Francine’s Summer Solstice

The French have a traditional way of celebrating the summer solstice; the whole country joins in staging a fête de la musique, in which very varied types of musical entertainment break out all around the streets in cities, towns and villages countrywide. Being fans of June camping in France, we’ve enjoyed these French celebrations on numerous occasions.

Our French campsite hosts, Luc and Nadine, set themselves apart from the vast majority of campsite hosts by also having traditions in that they frequently seem to be trying to entertain their campsite guests. As well as hosting a reception for their guests with snacks and wine every week, they organize the odd trip, as well as inviting campers to join them at local events. For midsummer’s evening, Luc gathered a group of willing revellers and took them to join the fête de la musique in the picturesque, you-simply-must-see-it-before-you-die mediæval walled city of Carcassonne, which looks more like a Hollywood film set than a real city. Nonetheless, real it is and a few car loads of willing revellers set off to enjoy the sights and free entertainment.
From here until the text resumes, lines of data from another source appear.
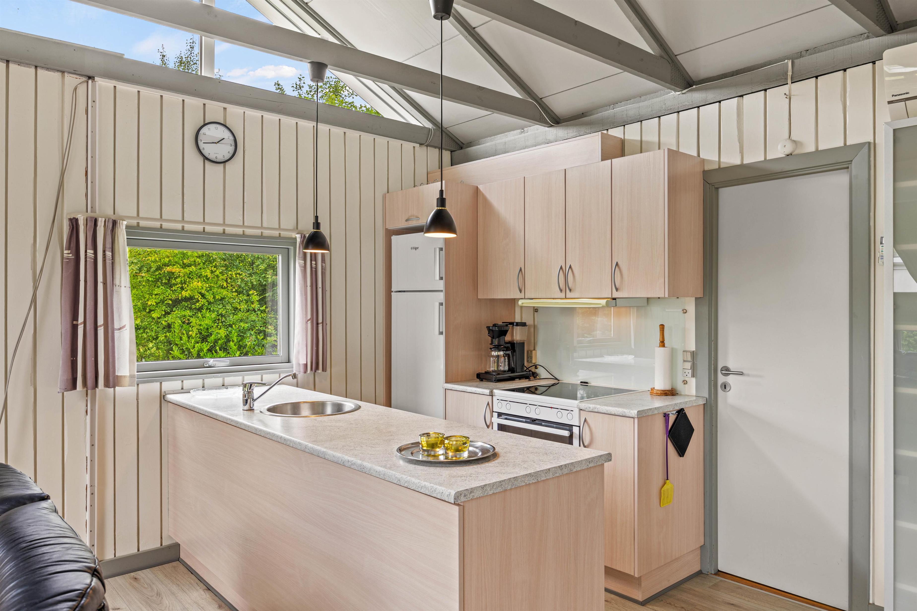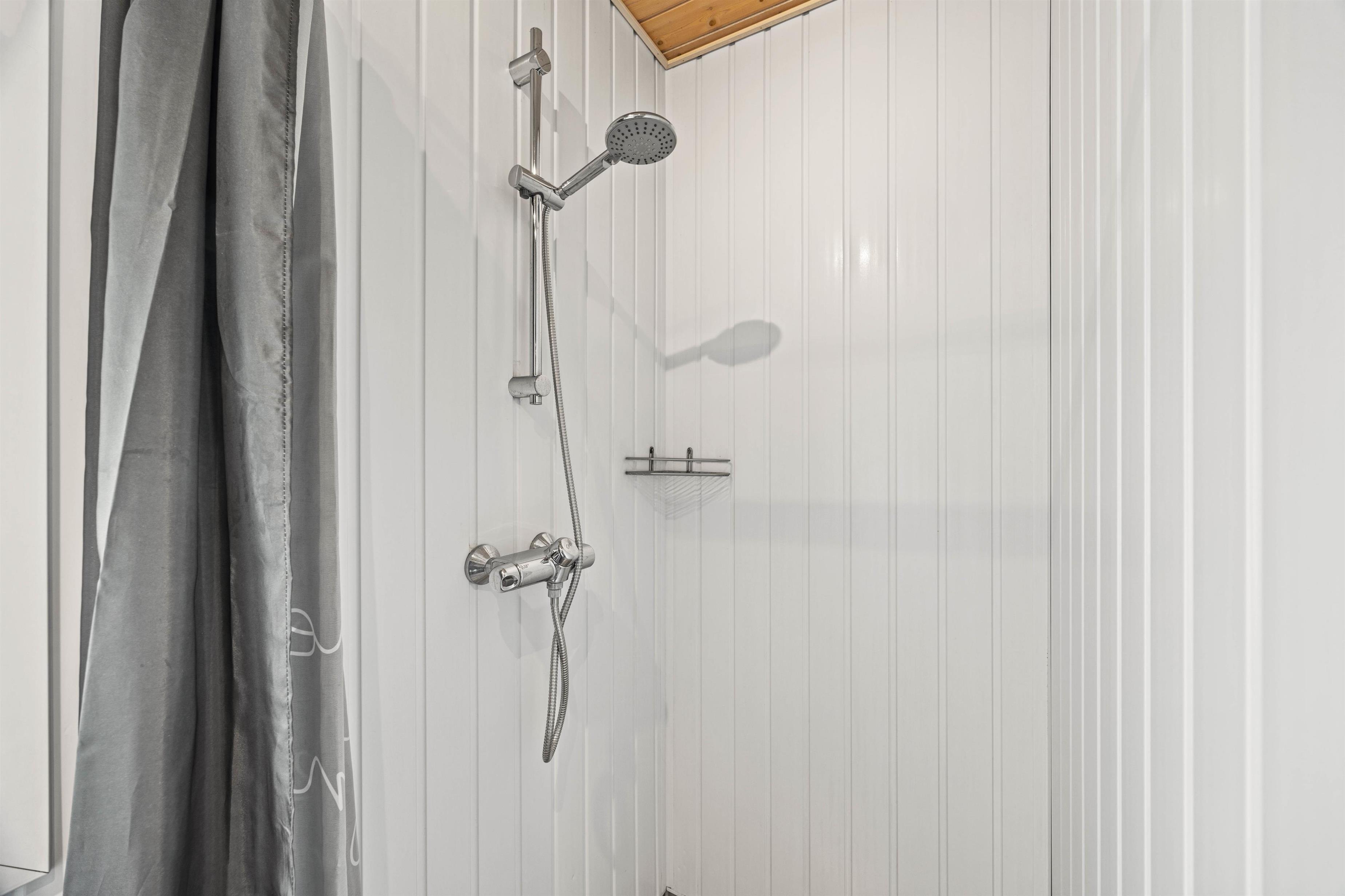 Hjertet af sommerhuset er helt klart det hyggelige opholdsrum, hvor en indbydende brændeovn spreder varme og skaber en hyggelig atmosfære. Her kan I samles for at nyde en god film eller blot slappe af med nærværende samtaler. Når sulten melder sig, er der ingen grund til panik over oprydningen, da opvaskemaskinen står klar til at hjælpe. Derudover er der 1 badeværelse i somemrhuset med gulvvarme.
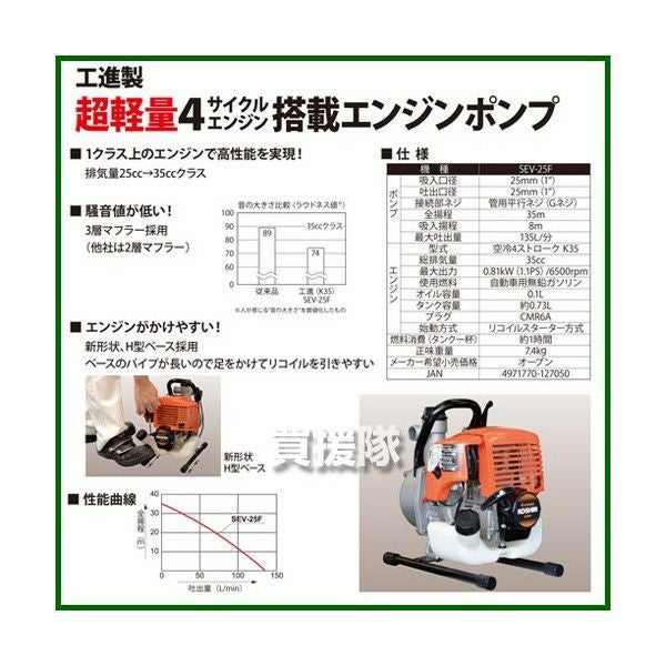 他の画像を見る 【送料無料】工進オリジナルエンジン搭載 工進 工進製 4サイクルエンジンポンプ(25mm) SEV-25F 買援隊 特別価格 ¥ 29,800 税込 カートに入れる お気に入りに登録する
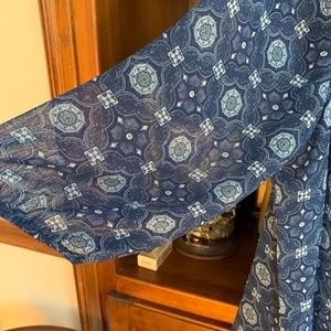 Beautiful, flowy, 3/4 sleeves, front tassel ties, gorgeous pattern. Really nice
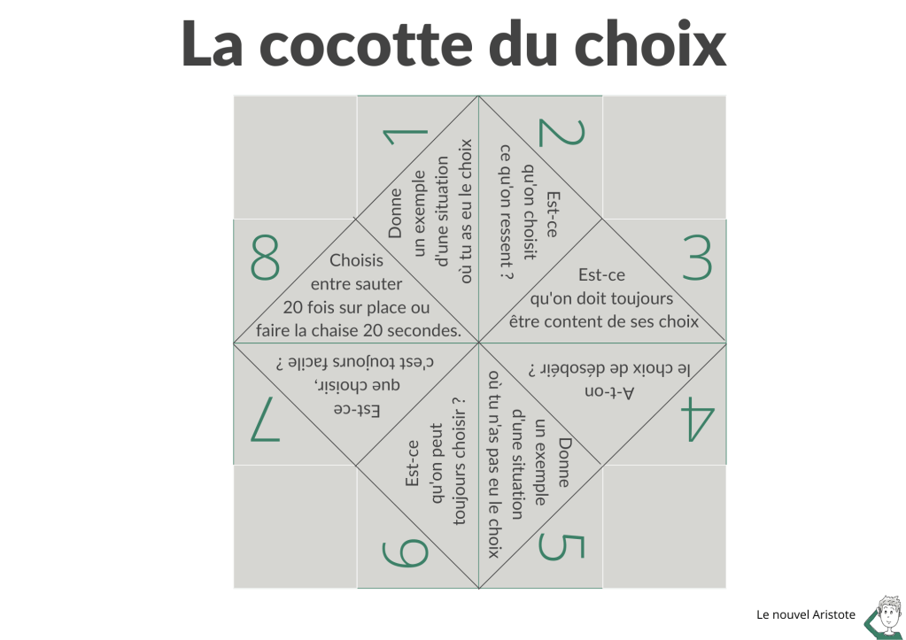 Alors réfléchissons sur le choix, c’est quoi, choisir ? Pour lancer la discussion tout en restant dans le thème, utilisez cette cocotte du choix, à télécharger
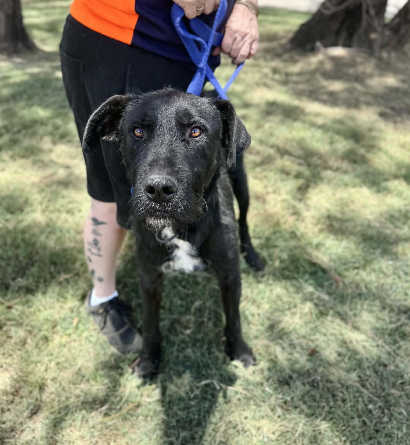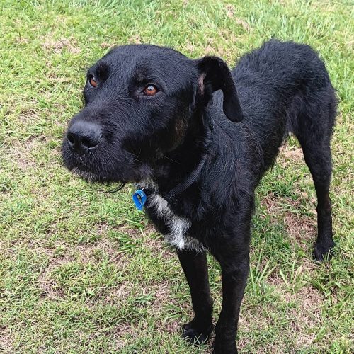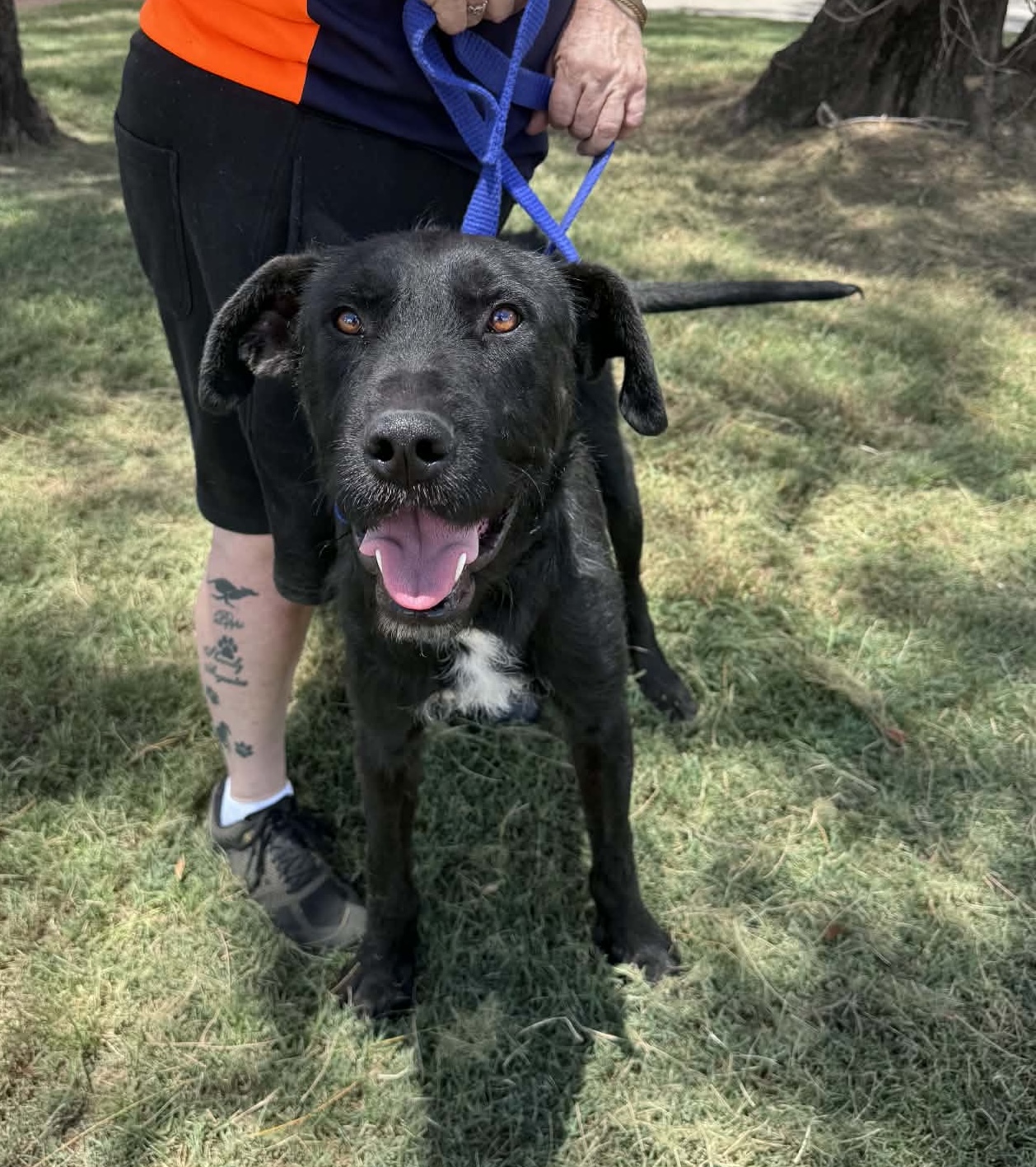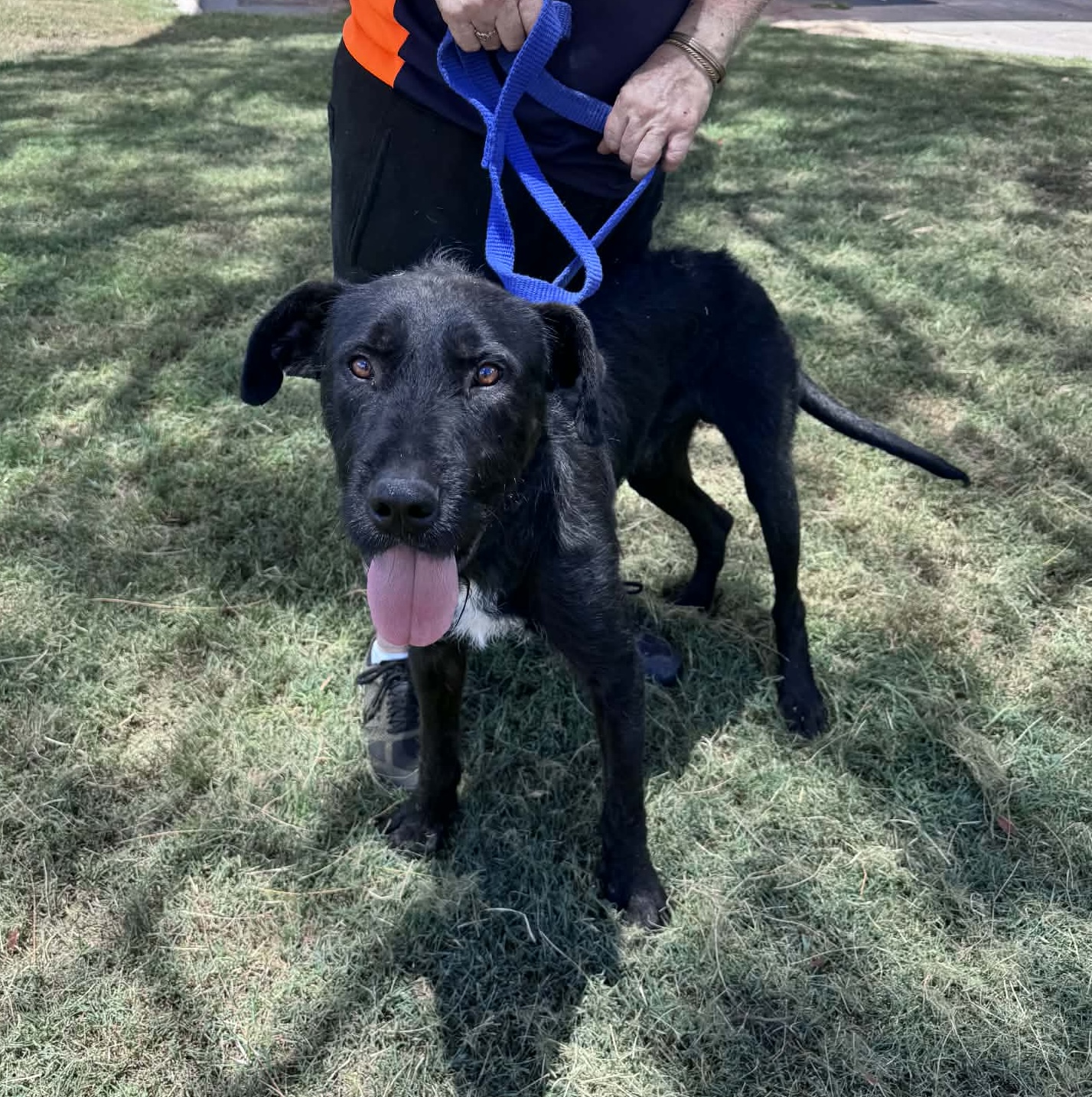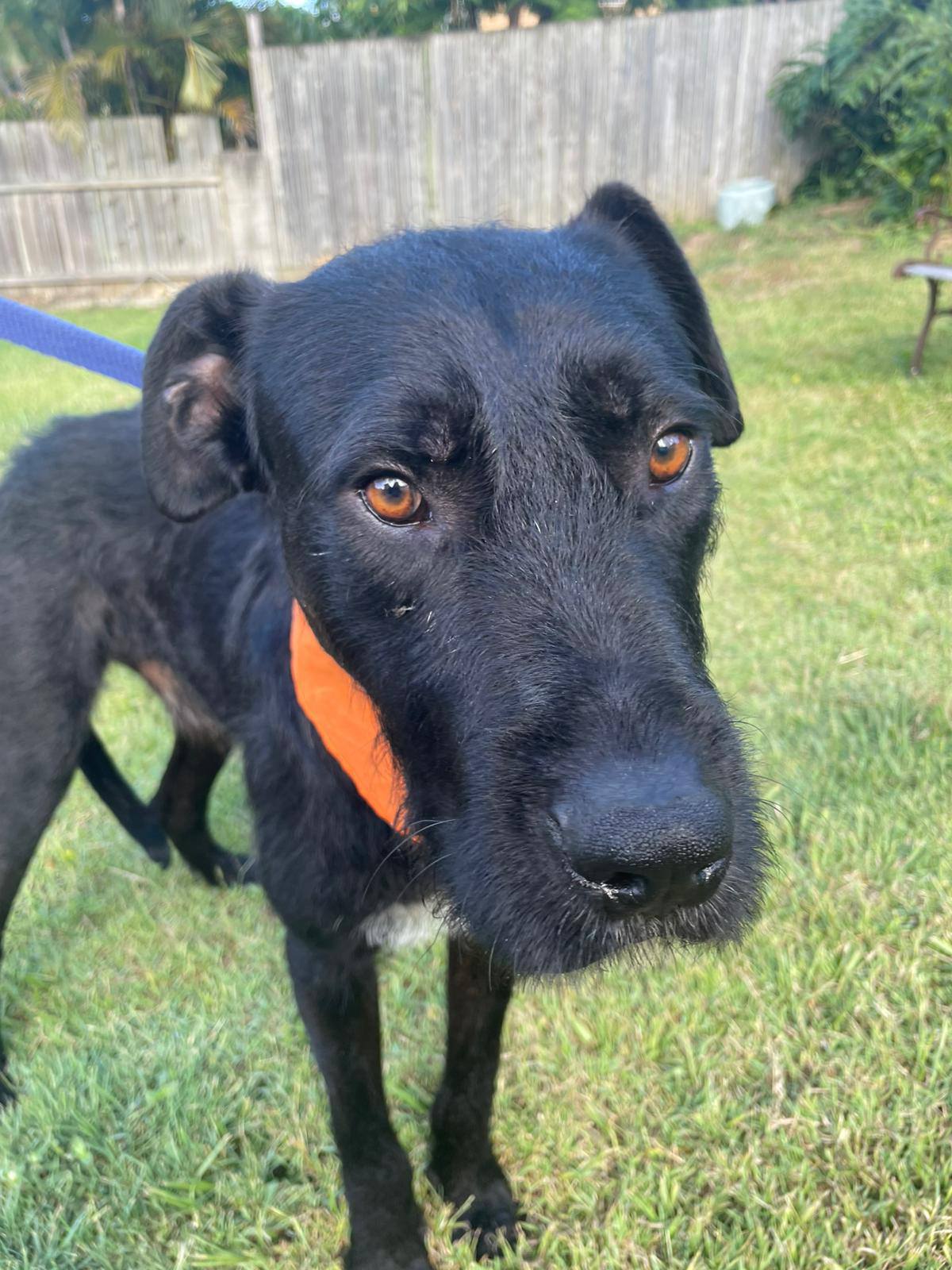 There’s so much of him to love! Oakley is a stunning black Wolfhound cross weighing in at 35kg—a handsome boy with a big heart.

Franco was not among the revellers. Franco is not really a city person, particularly when it gets in the way of an evening glass bottle or two of vino. Besides, after a little overindulgence the previous evening, Franco didn’t really want a second consecutive late evening. This was much more Francine’s thing so she joined a few other campsite regulars to wander the streets of Carcassonne and try its version of the fête de la musique.

Lying outside the walled mediæval city of Carcassonne, looking more like King Arthur’s Camelot than King Arthur’s Camelot, is the modern city of Carcassonne, looking entirely unlike King Arthur’s Camelot. Surprisingly, to me anyway, Francine returned to report that the fête de la musique in the modern streets had seemed more interesting than anything in the old city. Stomp might be playing in one street to be replaced, when a corner was turned, by a rock band in the next street. Turn again into the square of the Hôtel de Ville, and you’d be confronted by a wind-only classical orchestra and chorus.


It’s all terrific fun and something that should be experienced. I just prefer to experience when sobriety and driving isn’t a necessity. 😉 Francine had a great time, though.